- Born: 1 April 1935 Kyrenia, Cyprus
- Died: 26 November 2008 (aged 73) Mumbai, India
- Known for: Business

= Andreas Liveras =

British businessman (1935–2008)

Andreas Dionysiou Liveras (1 April 1935 – 26 November 2008) was a Cyprus-born British businessman, who rose from modest means to own and run successful bakery and yacht charter companies. He held British and Cypriot citizenship and was killed during Mumbai attacks of November 2008.

==Biography==
Liveras was the first of nine children born to a shepherd in Kyrenia, Cyprus.

In 1963 Liveras immigrated with his family to the Kensington district of London, where he took a job selling pastries and driving a delivery truck at the Fleur de Lys bakery. He bought the company five years later, expanding it to become one of the largest frozen cake manufacturers in Europe, then sold it to Express Dairies in 1985. He spent his gain on yachts, among other things, starting Liveras Yachts, a company based in Monte Carlo that owns and rents boats for private charter.

In 1992 Liveras and his son Dionysios started Laurens Patisseries in London, later moving the company to Newark-on-Trent in Nottinghamshire. The family built Laurens to become one of the largest cream-filled pastry producers in the UK. The company was bought in 2006 by the Icelandic Bakkavör Group for £130 million.

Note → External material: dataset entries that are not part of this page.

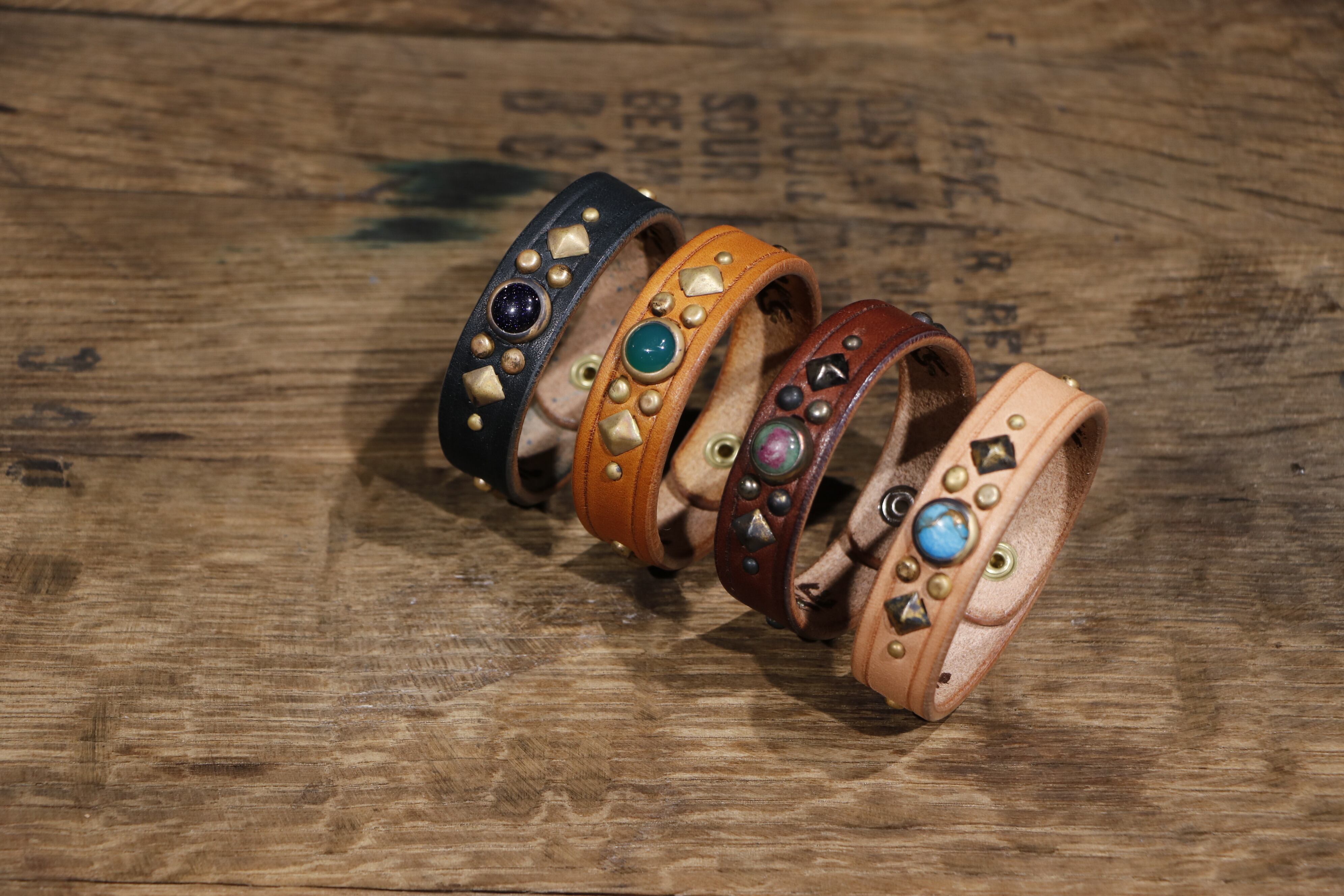 color: Black × Blue Goldstone / Tan × Turquoise / Camel × Green Onyx / Brown × Ruby in Zoisite
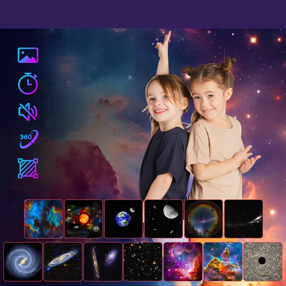 - Галактический проектор 13-в-1 — идеальный образовательный подарок для любого ребенка или взрослого, который интересуется наукой, НАСА, космическими кораблями, галактиками, Солнечной системой и многим другим! Просто подключите кабель USB Type-C (входит в комплект) с собственным адаптером 5 В/2 А (не входит в комплект) к проектору, и устройство включится автоматически. Затем вы можете вставить диск с пленкой в слот и сфокусироваться. Интересно, что ручная смена фильмов также способствует интеллектуальному развитию детей. Для достижения наилучших результатов рекомендуется использовать проектор в абсолютно темном месте.
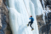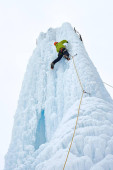 Zdjęcie "Góral wznosi się pionowe lodospad z ice picków" może być wykorzystywane do celów osobistych i komercyjnych zgodnie z warunkami zakupionej licencji Royalty-free. Obraz jest dostępny do pobrania w jakości wysokiej rozdzielczości do 5760x3840.

Liveras was killed by terrorists on 26 November 2008 at the Taj Mahal Hotel during the 2008 Mumbai attacks, where he had gone for a meal, shortly after he gave an interview to the British Broadcasting Corporation. As of his death he had four children, and was ranked 265th on The Sunday Times Rich List of the wealthiest people in the United Kingdom.